Romanian consumer confidence hits 5-year high, says Nielsen index

Newsroom 03/02/2016 | 14:13

The level of consumer confidence in Romania is the highest registered at the end of a year for the country since 2010, despite a fall of 5 points (reaching 79) on the Nielsen Consumer Confidence Index in Q4 of 2015 compared to Q3 of the same year, according to a Nielsen press release. Furthermore, Romanian consumers continue to place health, job security and debt payments on top of their list of concerns and 54 percent of respondents believe that the country is longer in recession. 

The Colectiv fire, and the ensuing protests and government change were the “most probable” causes of the 5-point fall in the Nielsen index, according to a company press release.

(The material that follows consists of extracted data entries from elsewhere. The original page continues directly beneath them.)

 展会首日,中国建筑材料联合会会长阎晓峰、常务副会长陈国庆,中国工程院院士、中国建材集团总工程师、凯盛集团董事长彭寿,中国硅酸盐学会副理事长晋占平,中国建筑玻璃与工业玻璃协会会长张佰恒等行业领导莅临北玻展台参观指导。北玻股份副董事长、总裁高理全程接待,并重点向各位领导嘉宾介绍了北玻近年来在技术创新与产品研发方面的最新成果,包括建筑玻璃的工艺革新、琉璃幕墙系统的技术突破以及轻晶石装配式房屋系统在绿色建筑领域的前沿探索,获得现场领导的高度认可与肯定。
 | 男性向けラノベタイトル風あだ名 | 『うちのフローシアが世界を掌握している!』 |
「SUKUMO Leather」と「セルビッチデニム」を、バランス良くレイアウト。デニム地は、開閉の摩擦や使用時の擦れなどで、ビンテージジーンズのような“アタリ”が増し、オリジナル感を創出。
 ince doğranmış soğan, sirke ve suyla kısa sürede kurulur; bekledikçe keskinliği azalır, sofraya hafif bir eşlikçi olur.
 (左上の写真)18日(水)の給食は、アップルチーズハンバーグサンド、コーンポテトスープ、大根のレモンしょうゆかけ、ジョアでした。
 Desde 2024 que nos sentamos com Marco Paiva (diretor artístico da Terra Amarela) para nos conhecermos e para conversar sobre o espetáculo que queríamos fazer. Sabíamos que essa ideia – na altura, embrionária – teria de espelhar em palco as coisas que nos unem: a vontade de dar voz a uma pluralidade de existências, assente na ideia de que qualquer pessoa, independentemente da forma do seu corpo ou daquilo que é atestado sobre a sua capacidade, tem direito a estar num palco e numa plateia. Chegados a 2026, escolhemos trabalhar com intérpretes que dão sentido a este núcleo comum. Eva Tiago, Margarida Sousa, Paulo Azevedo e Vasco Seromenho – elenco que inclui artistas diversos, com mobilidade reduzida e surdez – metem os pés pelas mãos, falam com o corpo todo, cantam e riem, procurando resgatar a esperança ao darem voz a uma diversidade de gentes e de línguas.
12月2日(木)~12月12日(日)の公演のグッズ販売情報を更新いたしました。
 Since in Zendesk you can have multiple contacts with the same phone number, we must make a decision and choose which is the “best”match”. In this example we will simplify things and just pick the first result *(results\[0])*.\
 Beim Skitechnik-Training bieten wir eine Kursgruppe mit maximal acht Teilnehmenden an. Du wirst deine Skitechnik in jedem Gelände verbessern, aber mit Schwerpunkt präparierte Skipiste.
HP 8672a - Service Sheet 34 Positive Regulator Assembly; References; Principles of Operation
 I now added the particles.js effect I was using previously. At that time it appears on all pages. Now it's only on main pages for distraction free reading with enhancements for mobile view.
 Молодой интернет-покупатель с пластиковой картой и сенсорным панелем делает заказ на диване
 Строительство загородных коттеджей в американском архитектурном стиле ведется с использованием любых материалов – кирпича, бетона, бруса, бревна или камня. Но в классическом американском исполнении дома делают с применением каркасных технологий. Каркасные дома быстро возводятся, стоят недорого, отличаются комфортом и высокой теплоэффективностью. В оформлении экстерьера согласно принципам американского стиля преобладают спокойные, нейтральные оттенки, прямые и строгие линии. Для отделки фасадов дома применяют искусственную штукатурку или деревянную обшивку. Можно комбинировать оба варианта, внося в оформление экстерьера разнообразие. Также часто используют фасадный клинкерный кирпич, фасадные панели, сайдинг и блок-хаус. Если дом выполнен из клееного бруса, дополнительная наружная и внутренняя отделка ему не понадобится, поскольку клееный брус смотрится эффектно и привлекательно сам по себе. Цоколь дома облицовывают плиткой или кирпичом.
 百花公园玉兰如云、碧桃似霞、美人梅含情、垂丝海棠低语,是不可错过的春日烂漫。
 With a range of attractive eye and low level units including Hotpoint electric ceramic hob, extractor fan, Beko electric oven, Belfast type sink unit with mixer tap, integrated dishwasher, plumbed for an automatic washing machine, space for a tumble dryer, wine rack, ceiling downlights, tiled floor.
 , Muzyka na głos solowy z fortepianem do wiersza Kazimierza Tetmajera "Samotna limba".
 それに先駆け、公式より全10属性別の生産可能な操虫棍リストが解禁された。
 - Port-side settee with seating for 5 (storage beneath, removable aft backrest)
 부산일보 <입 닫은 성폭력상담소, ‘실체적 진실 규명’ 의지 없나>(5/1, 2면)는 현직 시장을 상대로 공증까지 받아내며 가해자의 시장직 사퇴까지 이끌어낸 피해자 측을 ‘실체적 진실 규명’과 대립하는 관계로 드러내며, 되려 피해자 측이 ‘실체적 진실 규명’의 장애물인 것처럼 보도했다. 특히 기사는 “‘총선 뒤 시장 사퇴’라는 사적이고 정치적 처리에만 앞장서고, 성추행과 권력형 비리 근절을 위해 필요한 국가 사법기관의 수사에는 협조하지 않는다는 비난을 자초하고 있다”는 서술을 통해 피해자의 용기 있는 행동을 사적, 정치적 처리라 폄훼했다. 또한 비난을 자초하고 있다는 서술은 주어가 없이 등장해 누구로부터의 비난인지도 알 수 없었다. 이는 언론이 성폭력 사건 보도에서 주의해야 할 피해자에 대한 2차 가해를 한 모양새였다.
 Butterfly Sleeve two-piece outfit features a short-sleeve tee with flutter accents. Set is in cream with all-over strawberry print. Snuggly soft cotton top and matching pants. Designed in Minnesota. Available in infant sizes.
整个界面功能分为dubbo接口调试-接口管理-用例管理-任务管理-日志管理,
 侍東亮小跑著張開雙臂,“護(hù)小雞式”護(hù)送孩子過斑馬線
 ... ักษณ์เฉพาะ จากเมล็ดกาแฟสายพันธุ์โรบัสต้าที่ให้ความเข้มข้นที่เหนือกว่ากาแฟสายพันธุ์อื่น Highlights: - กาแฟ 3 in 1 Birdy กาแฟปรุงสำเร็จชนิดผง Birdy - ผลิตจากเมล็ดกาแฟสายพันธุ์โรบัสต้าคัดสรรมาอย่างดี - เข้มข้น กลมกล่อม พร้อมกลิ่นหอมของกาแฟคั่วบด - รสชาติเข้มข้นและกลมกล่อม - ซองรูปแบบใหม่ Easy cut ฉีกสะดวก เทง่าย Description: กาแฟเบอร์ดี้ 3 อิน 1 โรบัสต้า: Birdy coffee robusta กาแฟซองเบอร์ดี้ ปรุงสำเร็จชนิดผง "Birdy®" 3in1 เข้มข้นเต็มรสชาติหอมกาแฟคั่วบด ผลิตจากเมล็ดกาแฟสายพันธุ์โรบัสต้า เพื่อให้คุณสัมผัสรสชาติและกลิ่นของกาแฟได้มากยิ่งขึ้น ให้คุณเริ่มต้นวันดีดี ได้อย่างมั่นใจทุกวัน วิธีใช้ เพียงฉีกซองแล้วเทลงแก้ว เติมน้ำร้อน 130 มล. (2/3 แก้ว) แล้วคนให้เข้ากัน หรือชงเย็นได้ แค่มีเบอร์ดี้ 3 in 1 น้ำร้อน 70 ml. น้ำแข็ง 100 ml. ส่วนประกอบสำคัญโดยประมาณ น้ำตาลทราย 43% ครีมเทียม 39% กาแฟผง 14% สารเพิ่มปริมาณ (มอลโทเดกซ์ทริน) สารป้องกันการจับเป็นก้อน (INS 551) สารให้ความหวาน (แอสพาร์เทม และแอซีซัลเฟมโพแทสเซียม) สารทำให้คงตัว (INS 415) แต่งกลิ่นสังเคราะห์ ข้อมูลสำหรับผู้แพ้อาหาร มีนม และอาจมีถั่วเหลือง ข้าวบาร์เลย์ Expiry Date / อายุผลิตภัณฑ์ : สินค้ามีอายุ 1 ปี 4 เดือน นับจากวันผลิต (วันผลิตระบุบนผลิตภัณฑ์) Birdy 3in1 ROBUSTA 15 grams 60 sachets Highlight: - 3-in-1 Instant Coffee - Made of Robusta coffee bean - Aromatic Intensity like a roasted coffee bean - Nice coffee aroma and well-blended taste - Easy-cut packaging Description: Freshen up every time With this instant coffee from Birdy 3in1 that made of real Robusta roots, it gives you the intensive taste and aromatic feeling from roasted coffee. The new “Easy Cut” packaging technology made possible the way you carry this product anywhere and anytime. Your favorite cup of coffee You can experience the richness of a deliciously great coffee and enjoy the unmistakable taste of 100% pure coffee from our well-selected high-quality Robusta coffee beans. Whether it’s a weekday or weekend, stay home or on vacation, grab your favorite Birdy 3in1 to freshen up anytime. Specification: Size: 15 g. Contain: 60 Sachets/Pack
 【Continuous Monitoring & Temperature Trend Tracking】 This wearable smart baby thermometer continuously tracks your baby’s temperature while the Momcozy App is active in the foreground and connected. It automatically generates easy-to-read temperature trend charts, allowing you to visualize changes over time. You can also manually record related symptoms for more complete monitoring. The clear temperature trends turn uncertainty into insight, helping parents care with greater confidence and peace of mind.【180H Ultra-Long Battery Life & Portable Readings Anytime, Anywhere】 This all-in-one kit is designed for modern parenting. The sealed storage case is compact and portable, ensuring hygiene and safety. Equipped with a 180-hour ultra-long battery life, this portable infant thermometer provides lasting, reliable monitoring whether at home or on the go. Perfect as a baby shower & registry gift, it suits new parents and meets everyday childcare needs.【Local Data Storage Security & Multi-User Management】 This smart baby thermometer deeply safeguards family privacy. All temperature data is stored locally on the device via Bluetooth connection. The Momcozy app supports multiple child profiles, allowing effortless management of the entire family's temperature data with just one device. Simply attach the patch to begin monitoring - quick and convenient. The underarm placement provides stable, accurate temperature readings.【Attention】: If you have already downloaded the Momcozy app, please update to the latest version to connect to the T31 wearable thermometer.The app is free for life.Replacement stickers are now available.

This was also reflected in what Romanian consumers chose to spend their money on once they covered their monthly dues, with “outside the home entertainment” reaching the lowest level of the year in Q4.

Unlike the European consumer who primarily worries over terrorism and the state of the economy besides job security, Romanians are mostly concerned over health, job security and debt payments, reports the Nielsen index. “Consumer worries over terrorism and immigration have increased in the past quarters in those countries most affected by recent events,” stated Louise Keely, Nielsen vice-president and president of the Demand Institute.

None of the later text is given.